In our study, k-ras mutations were found in 30% of mucinous malignant tumors and in 2.12% of serous tumors. The results demonstrate a frequency of k-ras mutation similar to previous reports (6, 31-33) indicating the fact that k-ras mutations are commonly detected in low-grade mucinous carcinomas. These findings suggest that these changes may represent an early genetic alteration involved in the carcinogenesis of ovarian epithelial cells. The association of the k-ras mutation with mucinous tumors suggests that it plays a role in maintaining the mucinous differentiation pathways of ovarian epithelial cell (34). In a more recent study, researchers have detected that k-ras mutation is highly frequent in mucinous ovarian carcinomas as these mutations also accumulate in mucinous carcinomas obtained from other organs (35, 36). The results of our study indicated that k-ras mutation is significantly associated with differentiation grade and staging.

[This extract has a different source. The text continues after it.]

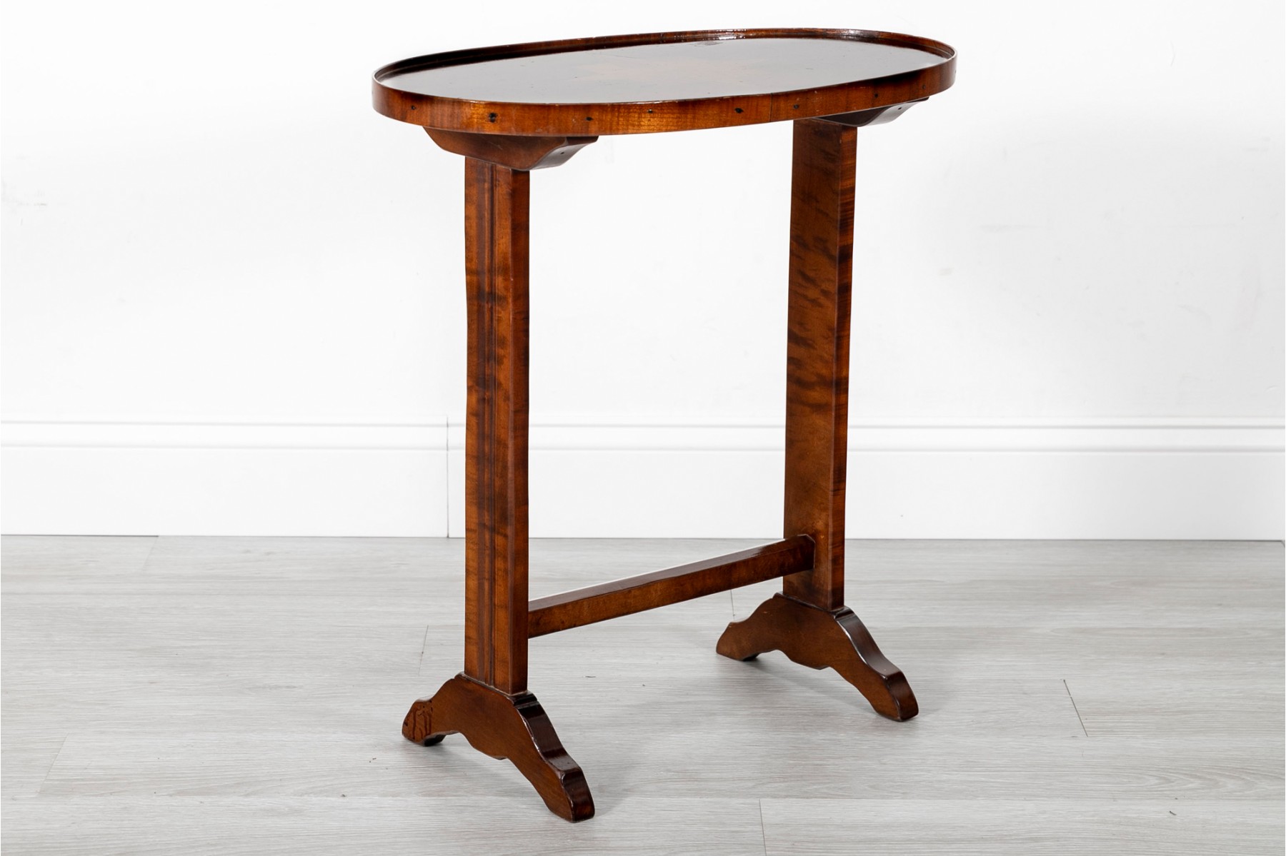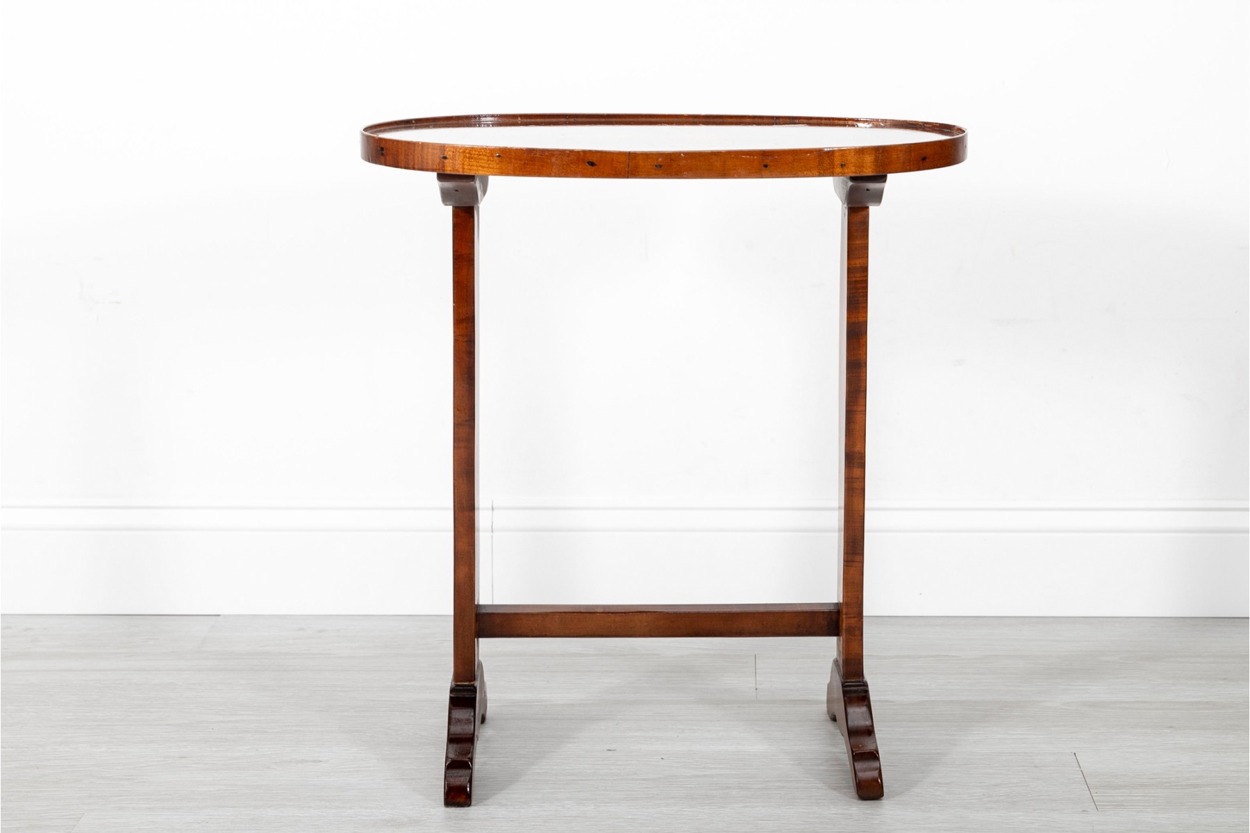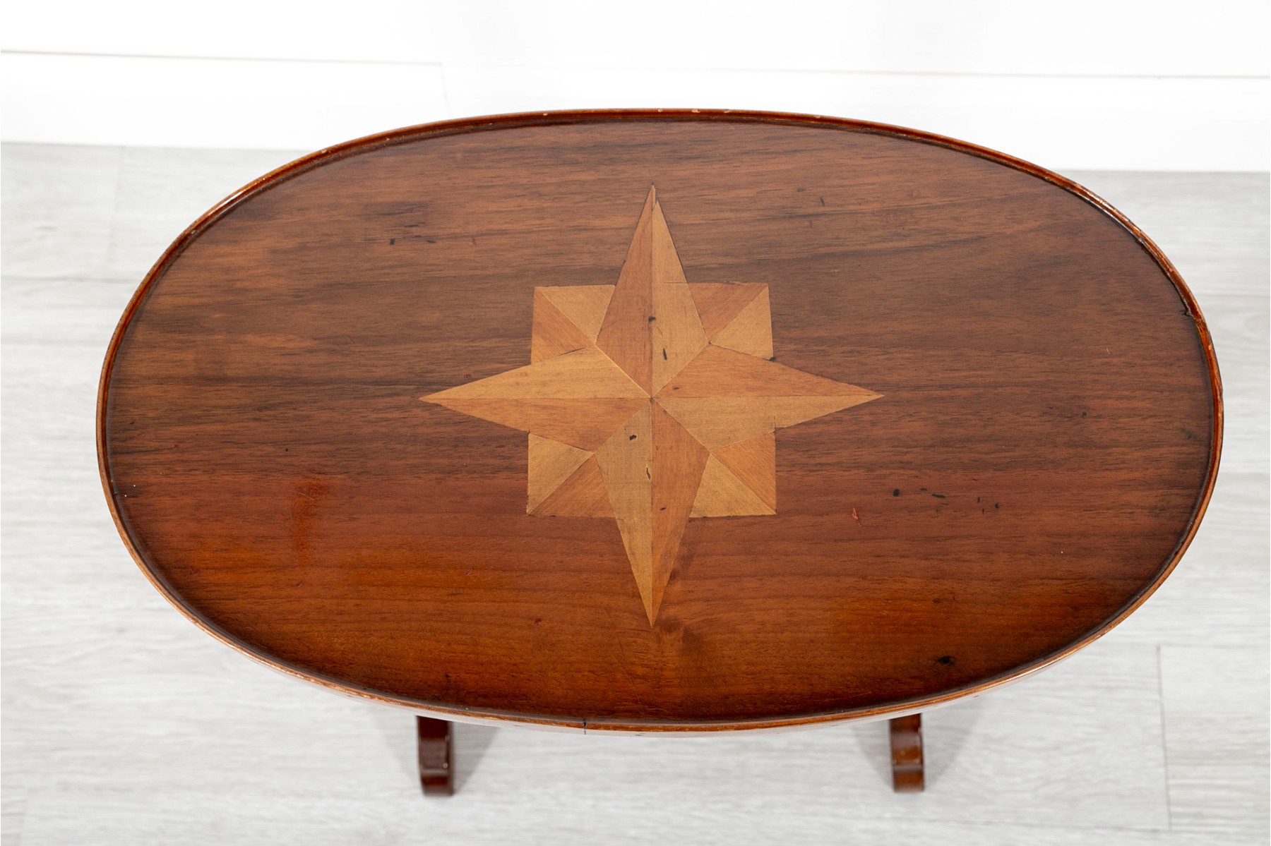 A delightful antique Federal styled accent or end table in warm-toned medium brown mahogany, displaying a beautiful two-tone light brown inlaid star design. The oval top features a raised rim, supported by wide ribbed plank legs over serpentine pronged feet.

In line with the previous consideration, we found a strong correlation between k-ras mutations and well-differentiated carcinomas (2, 31, 34, 37).

K-ras mutations have a high frequency in cancer tissues with FIGO I-II clinical stages, significantly but not in FIGO III-IV stages, hence most of the carcinomas with k-ras point mutations were in early clinical stages may indicate that k-ras mutations commonly occur as an early event in the development of carcinogenesis (2, 38). The circulating CA125 tumor marker is an antigenic determinant encoded by the MUC16 gene, which is expressed by epithelial ovarian tumors and various other pathological forms (39, 40). It is diagnosed by the monoclonal antibody OC125, which reacts with glycosylation-dependent antigens (41). CA125 is the best ovarian cancer early detection marker to date and the results of our study showed an association between CA125 levels and histopathological characteristics of tumors. These findings were consistent with several previous studies (42, 43). Jiang et al. described that serum CA 125 levels are relevant prognostic factors in cases of ovarian carcinoma (22) and reports that postoperative serum CA 125 levels are correlated with staging, cell differentiation and survival rate in cases of ovarian carcinoma (43).

In conclusion the results of this study indicated that K-ras mutation is a common event in ovarian carcinoma and more frequently present in carcinoma of mucinous histotype and lower FIGO stage. K-ras mutations could emerge as a pivotal factor for individually tailored anti-EGFR therapies. In addition, our conclusive results demonstrate correlation between Ca125 tumor marker titers and some of histopathological characteristics of ovarian carcinoma. The measuring of the CA125 tumor marker concentration in the serum of patients with ovarian cancer might be helpful for determining the grading and staging of the tumors and could be exploited for managing pharmaceutical treatment procedures.